From the first line of the listing below to the line with "ORANGE ayant prévu", print each line exactly, and nothing more. Leave out the pictures.

--- --- ---

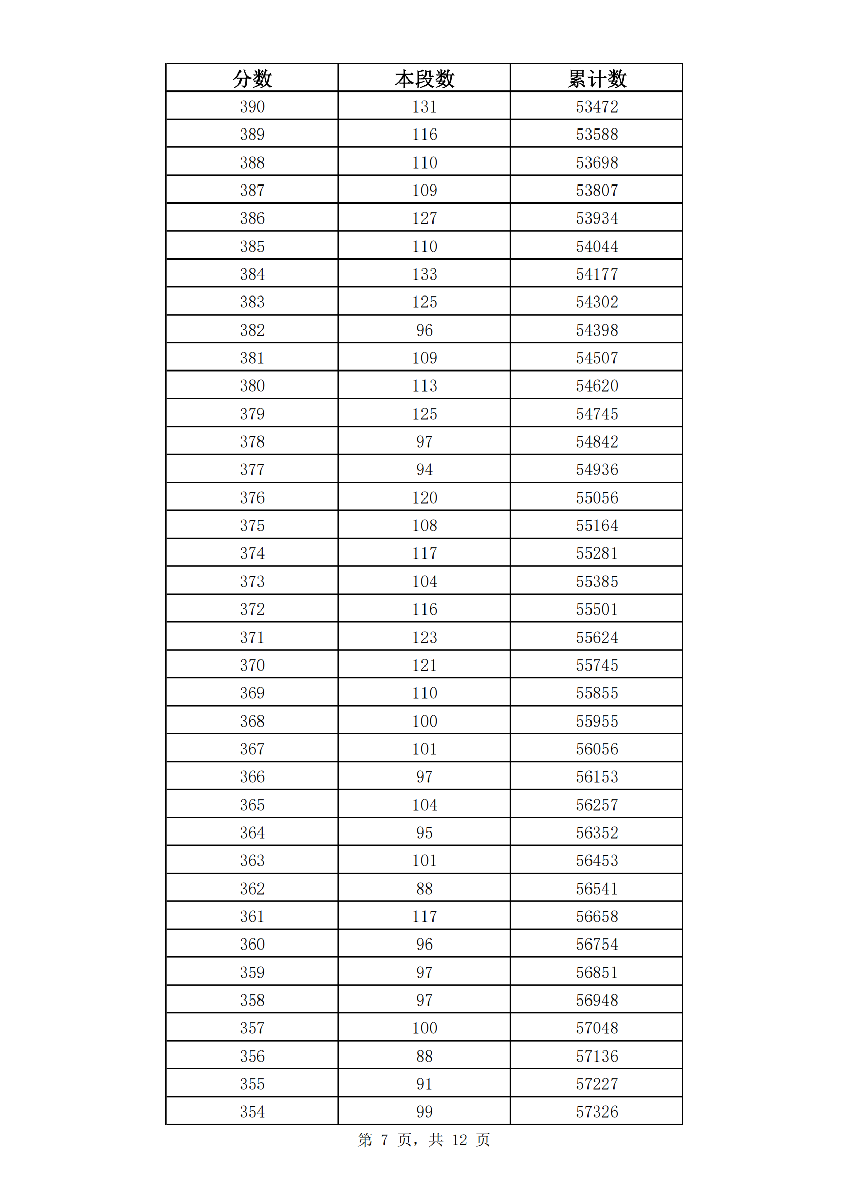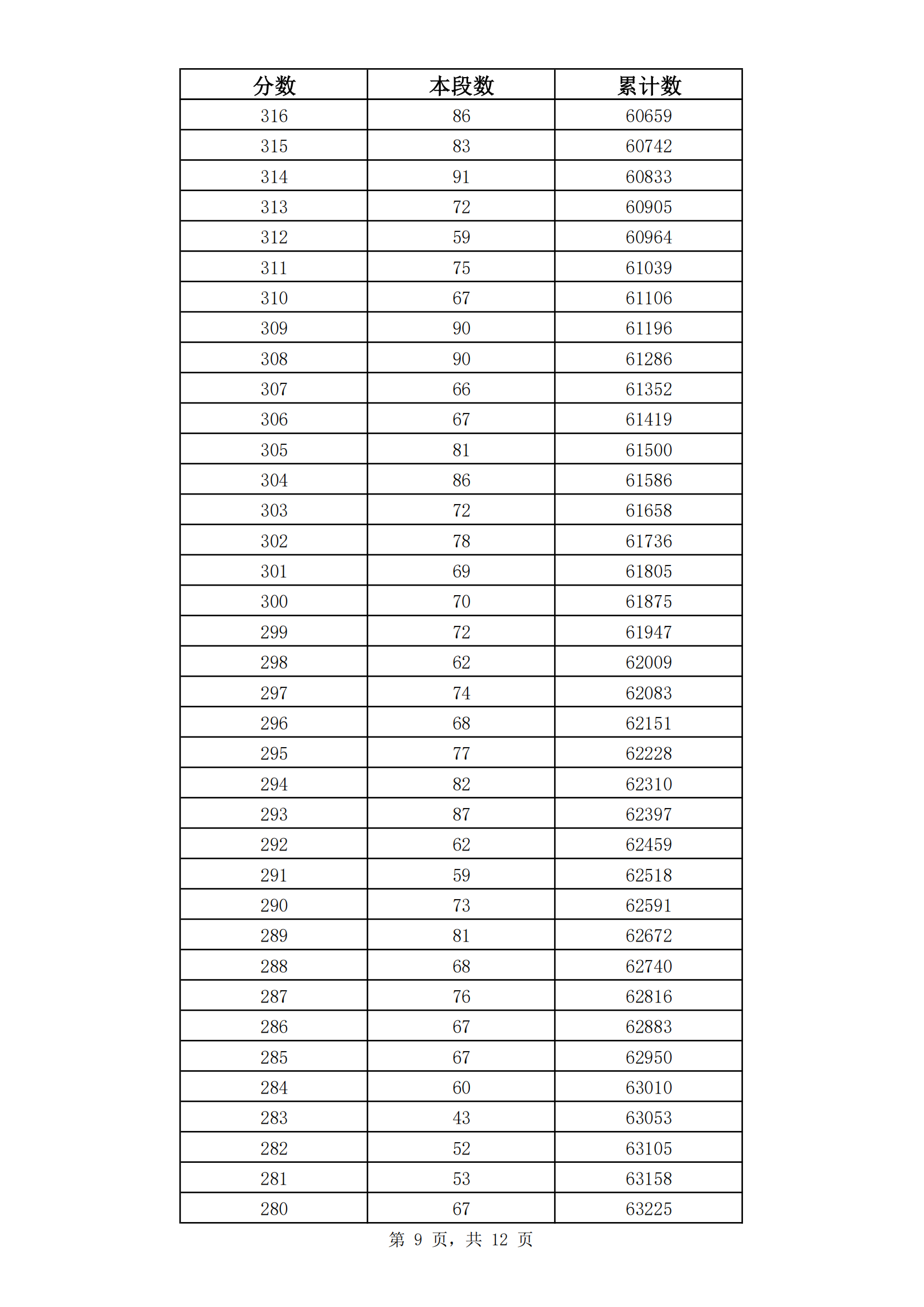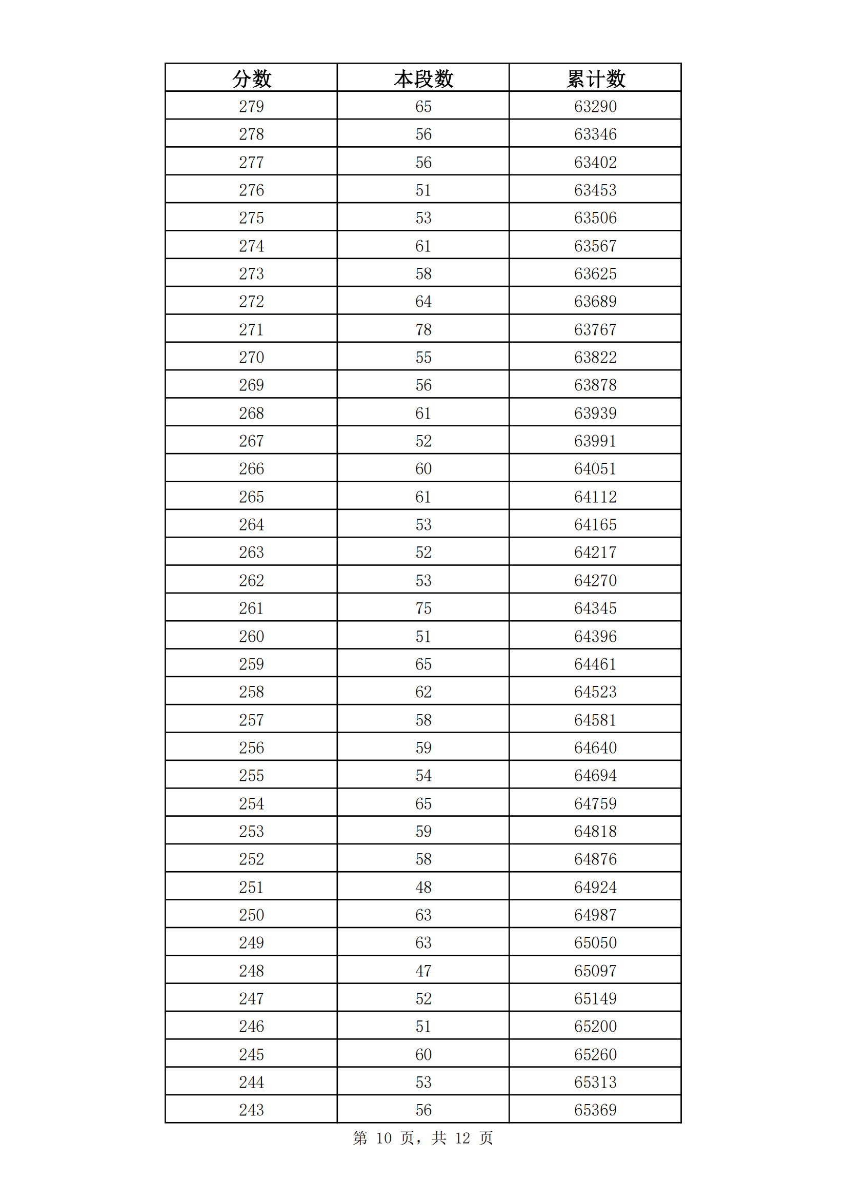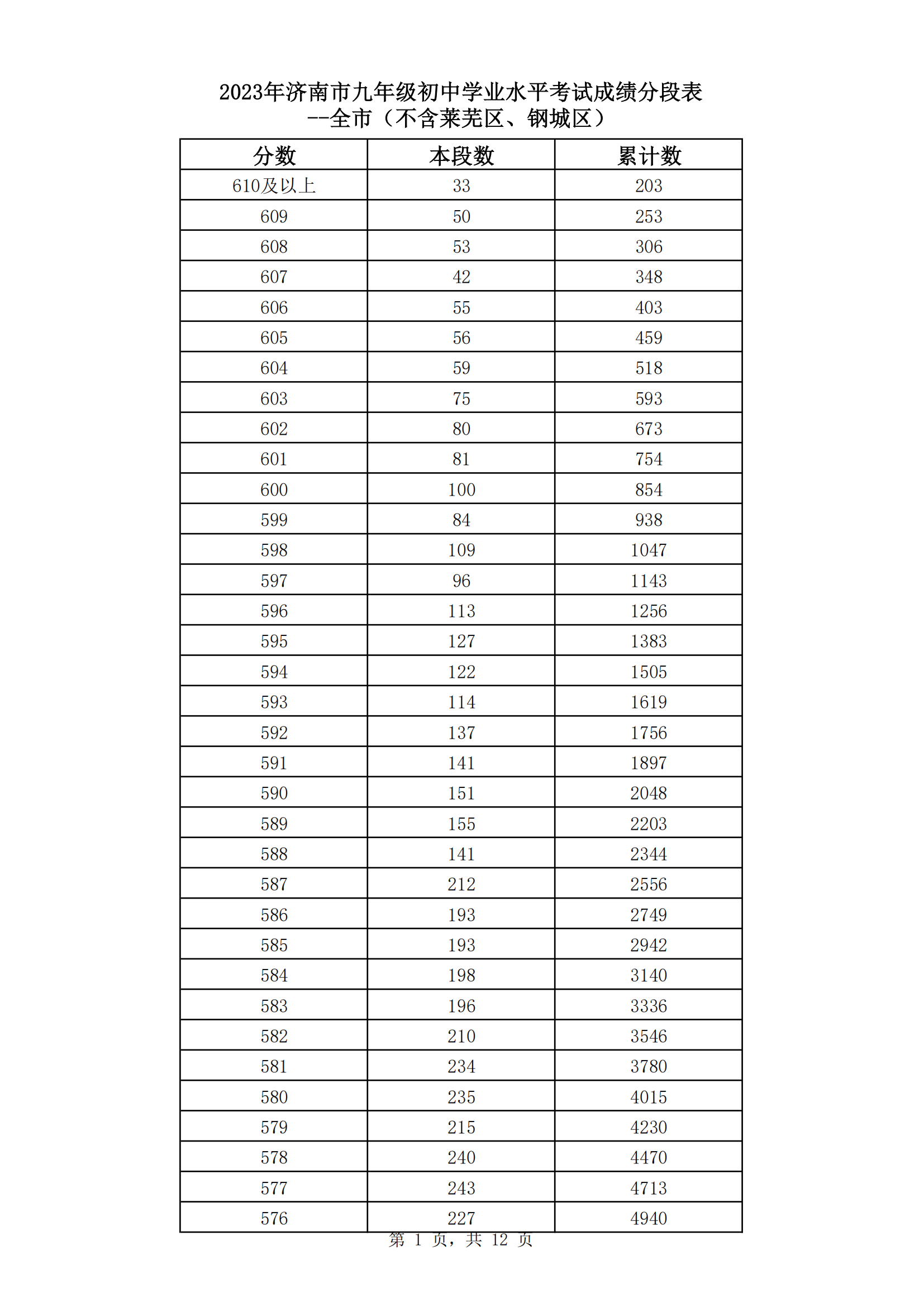 2023年山东济南九年级初中学业水平考试成绩分段表(不含莱芜区、钢城区)06-30
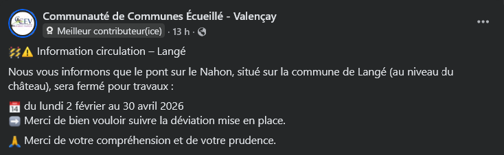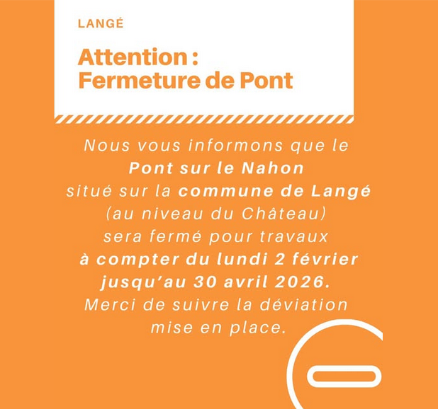ORANGE ayant prévu des travaux à LANGÉ, ses services (internet et fixe) pourraient être perturbés le vendredi 30 janvier 2026 de 8 à 12 heures.
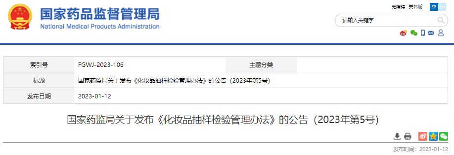 為加強化妝品監督管理,規范化妝品抽樣檢驗工作,根據《化妝品監督管理條例》《化妝品生產經營監督管理辦法》等法規、規章,國家藥監局組織制定了《化妝品抽樣檢驗管理辦法》,現予公布,自2023年3月1日起施行。
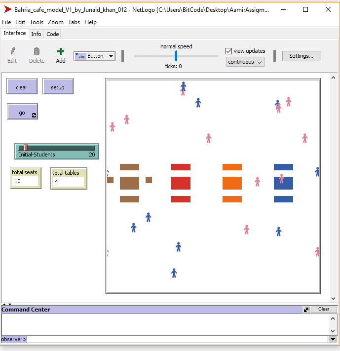patches-own [ tables chairs ] to clear clear-all end to setup clear-all ask patches [ set pcolor white ] setup-turtles setup-patches reset-ticks end to go ; setup-turtles move-turtles tick end to setup-turtles ; create-turtles with different number by slider create-turtles Initial-Students [ choose-sex ;; Male Or Femail set size 1.5 ] ask turtles [ setxy random-xcor random-ycor set shape "person" ] end to choose-sex ;; turtle procedure set color one-of [pink blue] end to setup-patches ask patches [ setup-tables ] end to move-turtles ask turtles [ right random 360 fd 1 ; set energy energy - 1 ; pen-down ] end to setup-tables let x pxcor let y pycor ;============================= Tables 1================================================ ask patches with [pxcor > -15 and pxcor < -11 and pycor = 1 ] [ set pcolor brown ] ask patches with [pxcor > -15 and pxcor < -11 and pycor = 0 ] [ set pcolor brown ] ;============================= Chair 1================================================ ask patches with [pxcor > -15 and pxcor < -11 and pycor = 3 ] [ set pcolor brown ] ask patches with [pxcor > -15 and pxcor < -11 and pycor = -2 ] [ set pcolor brown ] ask patches with [pxcor > -11 and pxcor < -9 and pycor = 1 ] [ set pcolor brown ] ask patches with [pxcor > -17 and pxcor < -15 and pycor = 1 ] [ set pcolor brown ] ;=================================Table 2============================================ ask patches with [pxcor > -7 and pxcor < -3 and pycor = 1 ] [ set pcolor red ] ask patches with [pxcor > -7 and pxcor < -3 and pycor = 0 ] [ set pcolor red ] ;=================================Chair 2============================================ ask patches with [pxcor > -7 and pxcor < -3 and pycor = 3 ] [ set pcolor red ] ask patches with [pxcor > -7 and pxcor < -3 and pycor = -2 ] [ set pcolor red ] ;===============================Table 3============================================== ask patches with [pxcor > 1 and pxcor < 5 and pycor = 1 ] [ set pcolor orange ] ask patches with [pxcor > 1 and pxcor < 5 and pycor = 0 ] [ set pcolor orange ] ;==========================Chair3 ============================================== ask patches with [pxcor > 1 and pxcor < 5 and pycor = 3 ] [ set pcolor orange ] ask patches with [pxcor > 1 and pxcor < 5 and pycor = -2 ] [ set pcolor orange ] ;=============================Table 4================================================ ask patches with [pxcor > 9 and pxcor < 13 and pycor = 1 ] [ set pcolor blue ] ask patches with [pxcor > 9 and pxcor < 13 and pycor = 0 ] [ set pcolor blue ] ;; ===========================Chair 4 ========================================== ask patches with [pxcor > 9 and pxcor < 13 and pycor = 3 ] [ set pcolor blue ] ask patches with [pxcor > 9 and pxcor < 13 and pycor = -2 ] [ set pcolor blue ] end
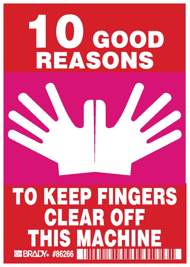 Machine/Equipment Label, Header: No Header, Legend: 10 GOOD REASONS……OFF THIS MAC, Pack of 5

--- --- ---

:: Exercise answer ::
 2023年山东济南九年级初中学业水平考试成绩分段表(不含莱芜区、钢城区)06-30
ORANGE ayant prévu des travaux à LANGÉ, ses services (internet et fixe) pourraient être perturbés le vendredi 30 janvier 2026 de 8 à 12 heures.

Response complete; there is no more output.